ORGANIZE – Create a trusted, business-ready analytics foundation that ensures your data is ready for AI. Just because you can access your data doesn’t mean that it’s prepared for AI use cases. Bad data is paralyzing to AI. So clients must integrate, cleanse, catalog, and govern the full lifecycle of their AI data.
ANALYZE – Once your data is accessible and AI-ready, then you are better prepared to apply advanced analytics and AI models. This rung provides the business and planning analytics capabilities that are key for success with AI. It also provides the capabilities needed to build, deploy, and manage AI models within an integrated portfolio of technology.
INFUSE – Many businesses create highly useful AI models but then encounter challenges in operationalizing them to attain broader business value. This rung of the ladder infuses AI to achieve trust and transparency in model-recommended decisions, decision explainability, bias detection, decision audits, etc. For clients with common use cases, the INFUSE rung operationalizes those AI use cases with pre-built application services, speeding time to value.

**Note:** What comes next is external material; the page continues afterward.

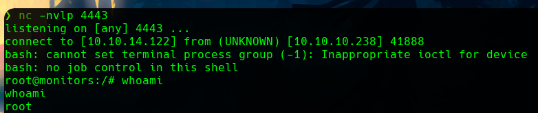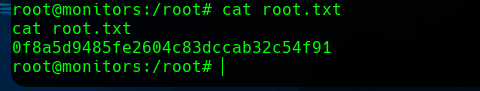 In our machine we get the shell as some many attempts, and see that we are root in the monitors machine. We have rooted the box.

MODERNIZE – Given the dynamic nature of AI, your data estate needs a highly elastic and extensible multi-cloud infrastructure to unify the aforementioned capabilities within a fully governed team-platform. Clients are also looking to automate their AI lifecycles across an array of contributors through collaborative workflows. Essentially, MODERNIZE means building an information architecture for AI that provides choice and flexibility across your enterprise. As clients modernize their data estates for an AI and multicloud world, they will find that there is less "assembly required" in expanding the impact of AI across the organization.

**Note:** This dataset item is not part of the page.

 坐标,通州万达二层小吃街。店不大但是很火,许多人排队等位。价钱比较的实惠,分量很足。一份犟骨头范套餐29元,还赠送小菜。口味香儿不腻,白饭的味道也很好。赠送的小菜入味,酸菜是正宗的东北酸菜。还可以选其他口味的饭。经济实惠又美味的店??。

This is the IBM Cloud Architecture Center high level reference architecture. A Data centric and AI reference architecture needs to support capabilities that address the Collect, Analyze, Organize and Infuse activities.
This architecture diagram illustrates the need for strong data management capabilities inside a 'multi cloud data platform' (Dark blue area), on which AI capabilities are plugged in to support analyze done by data scientists ( machine learning workbench and business analytics).

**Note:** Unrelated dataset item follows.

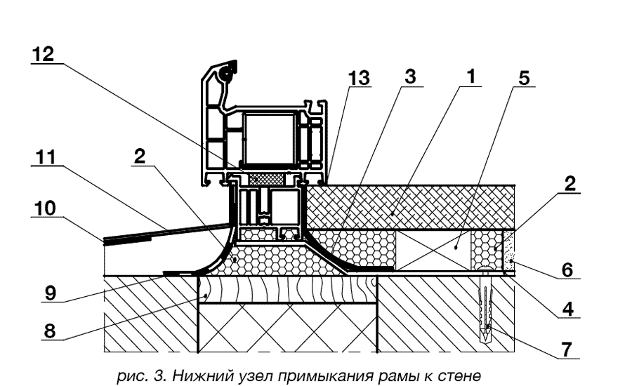 12 – изоляционная саморасширяющаяся паропроницаемая лента (ПСУЛ);

The data platform addresses the data collection and transformation to move data to local highly scalable store. Sometime, it is necessary to avoid moving data when there is no need to do transformations or there is no performance impact to the origin data sources by adding readers, so a virtualization capability is necessary to open a view on remote data sources without moving data.
On the AI side, data scientists need to perform data analysis, which includes making sense of the data using data visualization. To build a model they need to define features, and the AI environment supports feature engineering. Then to build the model, the development environment helps to select and combine the different algorithms and to tune the hyper parameters. The execution can be done on local cluster or can be executed, at the big data scale level, to machine learning cluster.
Once the model provides acceptable accuracy level, it can be published as a service. The model management capability supports the meta-data definition and the life cycle management of the model. When the model is deployed, monitoring capability, ensures the model is still accurate and even not biased.
The intelligent application, represented as a combination of capabilities at the top of the diagram: business process, core application, CRM... can run on cloud, fog, or mist. It accesses the deployed model, access Data using APIs, and even consumes pre-built models, congitive services, like a speech to text and text to speech service, an image recognition, a tone analyzer services, the Natural Language Understanding (NLU), and chatbot.